ABOUT THIS TASK: Please transcribe every entry below exactly, without including the pictures.

Start of Block

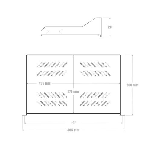 Polička s perforáciou 19" 2U 280 mm - 19" nízkoprofilová polica 280 mm s uchytením 2U je vhodná pre umiestnenie do 19" dátového rozvádzača s hĺbkou 400 mm a hlbšou. - Perforované telo police umožňuje prúdenie vzduchu. - Táto polica sa inštaluje iba na prednej vertikálnej lišty dátového rozvádzača. TECHNICKÉ VLASTNOSTI Celková hĺbka police: 280 mm Výška uchytenia v rozvádzači: 2U Rozmer úložnej plochy police: (š) 435 mm x (h) 270 mm Max. nosnosť police: 20 kg Rozmery: (v) 100 mm x (š) 510 mm x (h) 300 mm Hmotnosť: 1,64kg Súčasťou balenia je príbal na uchytenie v rozvádzači: 4x klietková matica M6, 4x skrutka M6
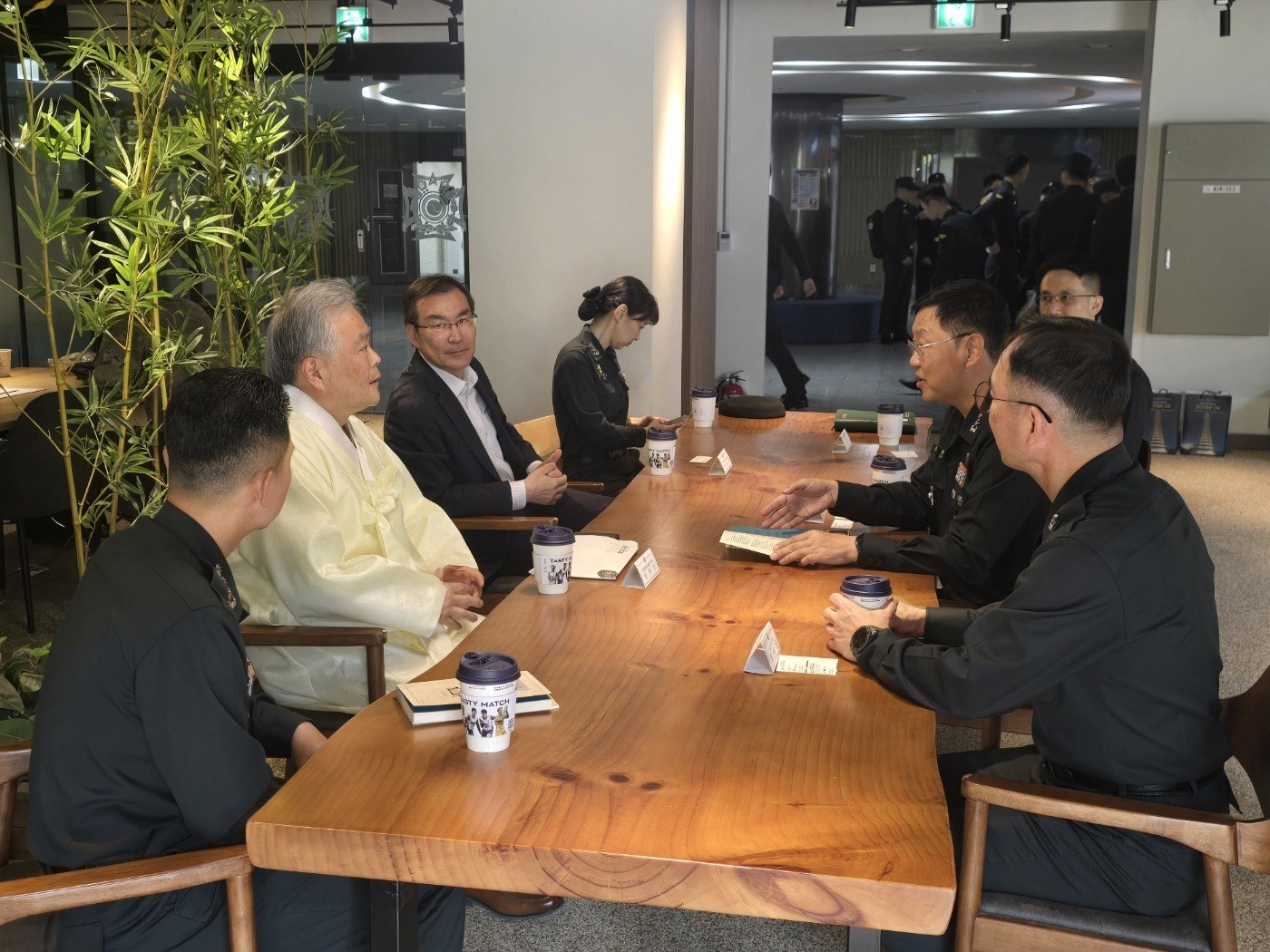 강연에 앞서 박재성 이사장은 학교장 소형기 소장, 생도대장 오세웅 준장, 국어철학과장 이지수 중령, 전자공학과 교수 김용철 대령, 제57대 육군사관학교장 강창구 예비역 중장과 환담을 나누었으며, 저서 『소설로 만나는 세종실록 속 훈민정음』과 『훈민정음에서 길을 찾는다』를 증정하였습니다. 강의 종료 후 생도대장 오세웅 준장은 감사패와 육사 방문 기념품을 전달하며 감사의 뜻을 전하였습니다.
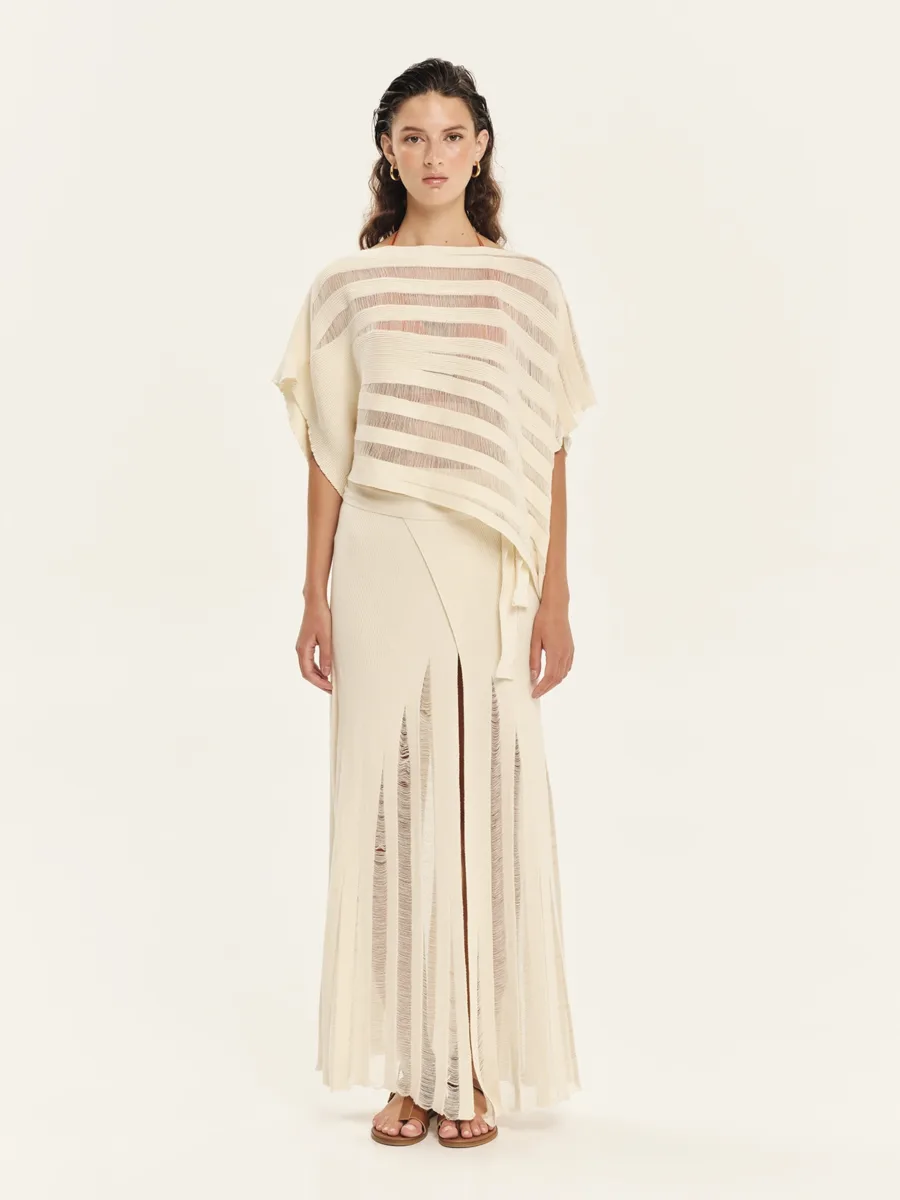 Oversized πλεκτό τοπ από 100% ελληνικό βαμβάκι με διάτρητες λεπτομέρειες. Καλύπτει απαλά τη σιλουέτα ενώ η ασυμμετρία τονίζει το ιδιαίτερο σχέδιό του με την διάτρητη πλέξη. Ένα μοναδικό σχέδιο με resort χαρακτήρα που συνδυάζεται ιδανικά με τα κάτω μέρη και τα beachwear σχέδια της συλλογής.
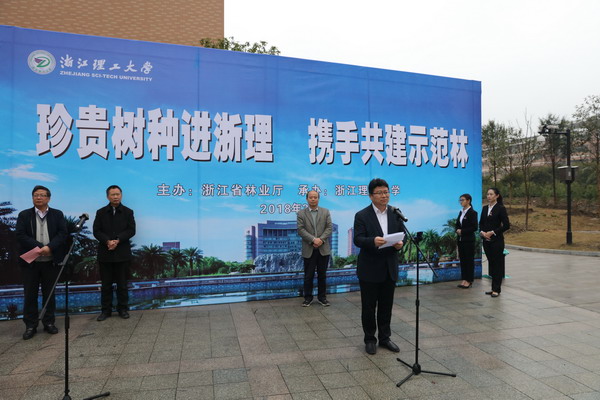 3月16日上午,由浙江省林业厅主办、我校承办的“珍贵树种进浙理 携手共建示范林”赠苗植树活动在学校举行。省林业厅党组成员、副厅长胡侠,省林业种苗管理总站站长洪兆龙,校长陈文兴,副校长陈文华以及林业厅相关部门领导、嘉宾和学校相关职能部门负责人、师生代表等参加了活动。活动由陈文华主持。
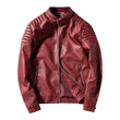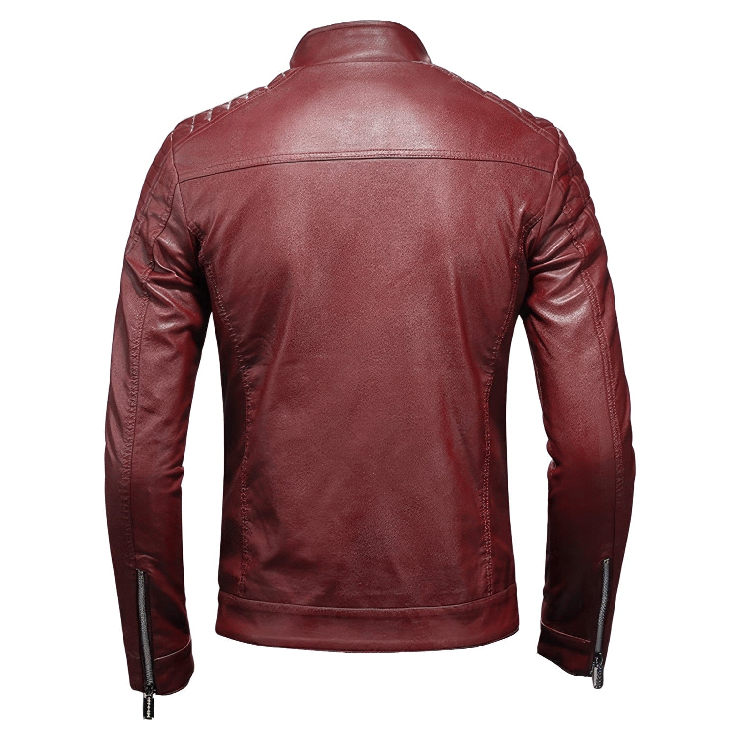 Men’s Red Biker Genuine Sheepskin Quilted Shoulders Smooth Scooter Cafe Racer Streetwear Slim Fit Leather Jacket
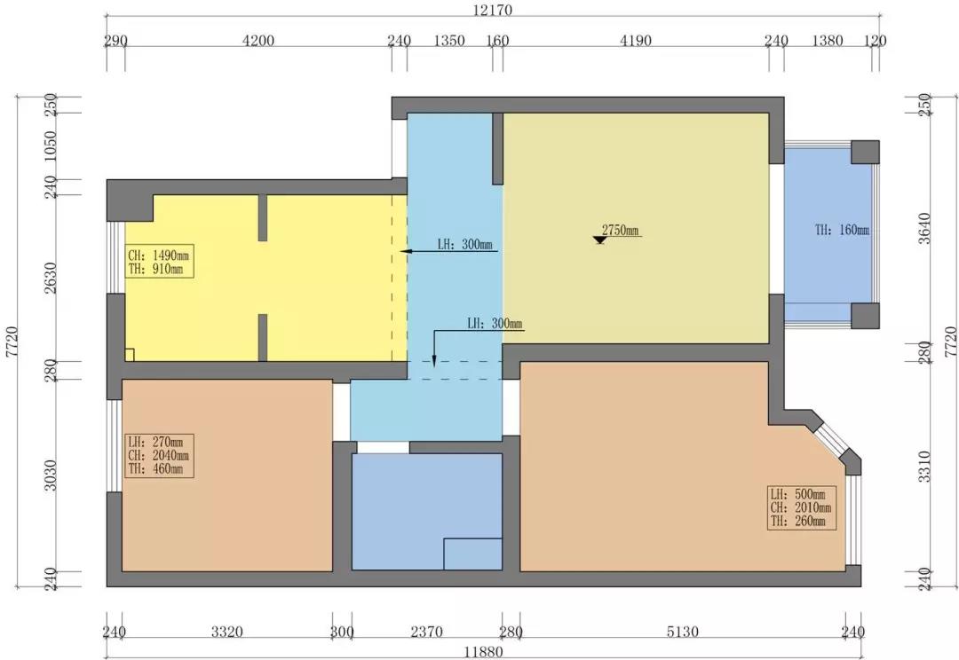 格局主要改動在主臥、兒臥、書房及設備區域:新建墻體,分割空間,最終形成了四臥、一書房的布局。
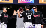 [OSEN=인천, 조은정 기자]25일 인천 SSG랜더스필드에서 2025 신한 SOL Bank KBO리그 SSG 랜더스와 LG 트윈스의 경기가 열렸다.SSG은 전영준을 LG는 송승기를 선발투수로 내세웠다.8회초 LG 선두타자 이주헌이 솔로포를 날린 뒤 더그아웃에
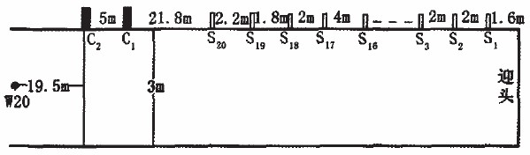 本次矿井MSP探测于2010年03月02 日在龙东矿2l试煤采区回风巷迎头有限空间内展开。测线布置巷道左帮上,采用炸药震源。其炮孔20个。接收传感器点为2个即C1、C2。传感器及炮孔顺序、方位及炮间距见图2,炮点布置在左帮。其中C1传感器距离S20号炮点21.8m,C2点距C1点5m。测点W20距离C2传感器19.5m。采集数据是KDZ1114-6B30地震仪利用两个三分量传感器C1、C2接收20炮地震数据。
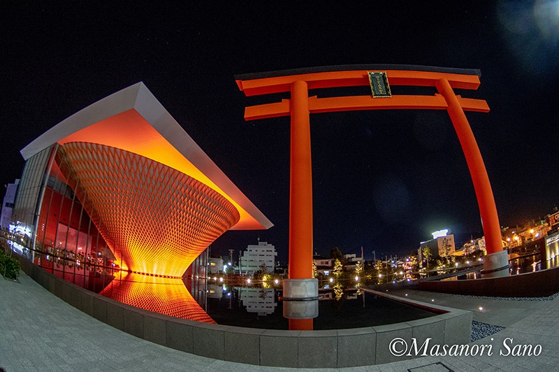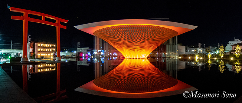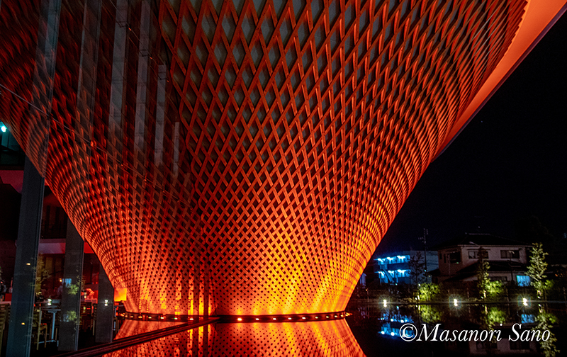 これとは別に、特別な日には通常の照明食でなくその日のイメージに沿った色の照明がされることがあるようで、1月1日は赤色でした。
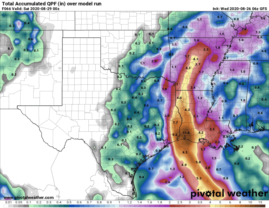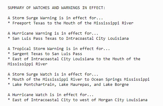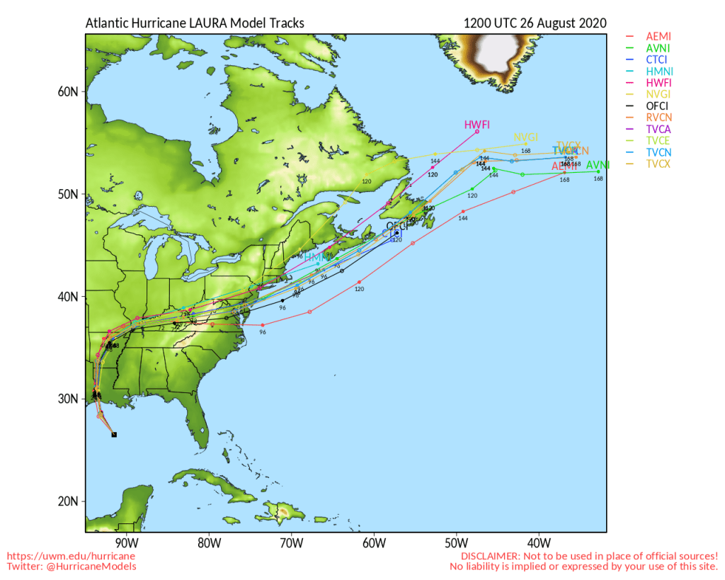 Laura presents many threats to the Gulf Coast. A storm surge of up to 15-20 feet will inundate coastal areas near and just to the east of where the center makes landfall. This will result in flooding across many of the bayous of southern Louisiana. Strong winds will obviously be a major hazard as well, mainly east of the center. The strong winds will likely penetrate well inland, as the storm will be powerful, though it should start to weaken fairly rapidly once inland.

End of Block

EXERCISE RESPONSE:
 Polička s perforáciou 19" 2U 280 mm - 19" nízkoprofilová polica 280 mm s uchytením 2U je vhodná pre umiestnenie do 19" dátového rozvádzača s hĺbkou 400 mm a hlbšou. - Perforované telo police umožňuje prúdenie vzduchu. - Táto polica sa inštaluje iba na prednej vertikálnej lišty dátového rozvádzača. TECHNICKÉ VLASTNOSTI Celková hĺbka police: 280 mm Výška uchytenia v rozvádzači: 2U Rozmer úložnej plochy police: (š) 435 mm x (h) 270 mm Max. nosnosť police: 20 kg Rozmery: (v) 100 mm x (š) 510 mm x (h) 300 mm Hmotnosť: 1,64kg Súčasťou balenia je príbal na uchytenie v rozvádzači: 4x klietková matica M6, 4x skrutka M6
 강연에 앞서 박재성 이사장은 학교장 소형기 소장, 생도대장 오세웅 준장, 국어철학과장 이지수 중령, 전자공학과 교수 김용철 대령, 제57대 육군사관학교장 강창구 예비역 중장과 환담을 나누었으며, 저서 『소설로 만나는 세종실록 속 훈민정음』과 『훈민정음에서 길을 찾는다』를 증정하였습니다. 강의 종료 후 생도대장 오세웅 준장은 감사패와 육사 방문 기념품을 전달하며 감사의 뜻을 전하였습니다.
 Oversized πλεκτό τοπ από 100% ελληνικό βαμβάκι με διάτρητες λεπτομέρειες. Καλύπτει απαλά τη σιλουέτα ενώ η ασυμμετρία τονίζει το ιδιαίτερο σχέδιό του με την διάτρητη πλέξη. Ένα μοναδικό σχέδιο με resort χαρακτήρα που συνδυάζεται ιδανικά με τα κάτω μέρη και τα beachwear σχέδια της συλλογής.
 3月16日上午,由浙江省林业厅主办、我校承办的“珍贵树种进浙理 携手共建示范林”赠苗植树活动在学校举行。省林业厅党组成员、副厅长胡侠,省林业种苗管理总站站长洪兆龙,校长陈文兴,副校长陈文华以及林业厅相关部门领导、嘉宾和学校相关职能部门负责人、师生代表等参加了活动。活动由陈文华主持。
 Men’s Red Biker Genuine Sheepskin Quilted Shoulders Smooth Scooter Cafe Racer Streetwear Slim Fit Leather Jacket
 格局主要改動在主臥、兒臥、書房及設備區域:新建墻體,分割空間,最終形成了四臥、一書房的布局。
 [OSEN=인천, 조은정 기자]25일 인천 SSG랜더스필드에서 2025 신한 SOL Bank KBO리그 SSG 랜더스와 LG 트윈스의 경기가 열렸다.SSG은 전영준을 LG는 송승기를 선발투수로 내세웠다.8회초 LG 선두타자 이주헌이 솔로포를 날린 뒤 더그아웃에
 本次矿井MSP探测于2010年03月02 日在龙东矿2l试煤采区回风巷迎头有限空间内展开。测线布置巷道左帮上,采用炸药震源。其炮孔20个。接收传感器点为2个即C1、C2。传感器及炮孔顺序、方位及炮间距见图2,炮点布置在左帮。其中C1传感器距离S20号炮点21.8m,C2点距C1点5m。测点W20距离C2传感器19.5m。采集数据是KDZ1114-6B30地震仪利用两个三分量传感器C1、C2接收20炮地震数据。
 これとは別に、特別な日には通常の照明食でなくその日のイメージに沿った色の照明がされることがあるようで、1月1日は赤色でした。
 Laura presents many threats to the Gulf Coast. A storm surge of up to 15-20 feet will inundate coastal areas near and just to the east of where the center makes landfall. This will result in flooding across many of the bayous of southern Louisiana. Strong winds will obviously be a major hazard as well, mainly east of the center. The strong winds will likely penetrate well inland, as the storm will be powerful, though it should start to weaken fairly rapidly once inland.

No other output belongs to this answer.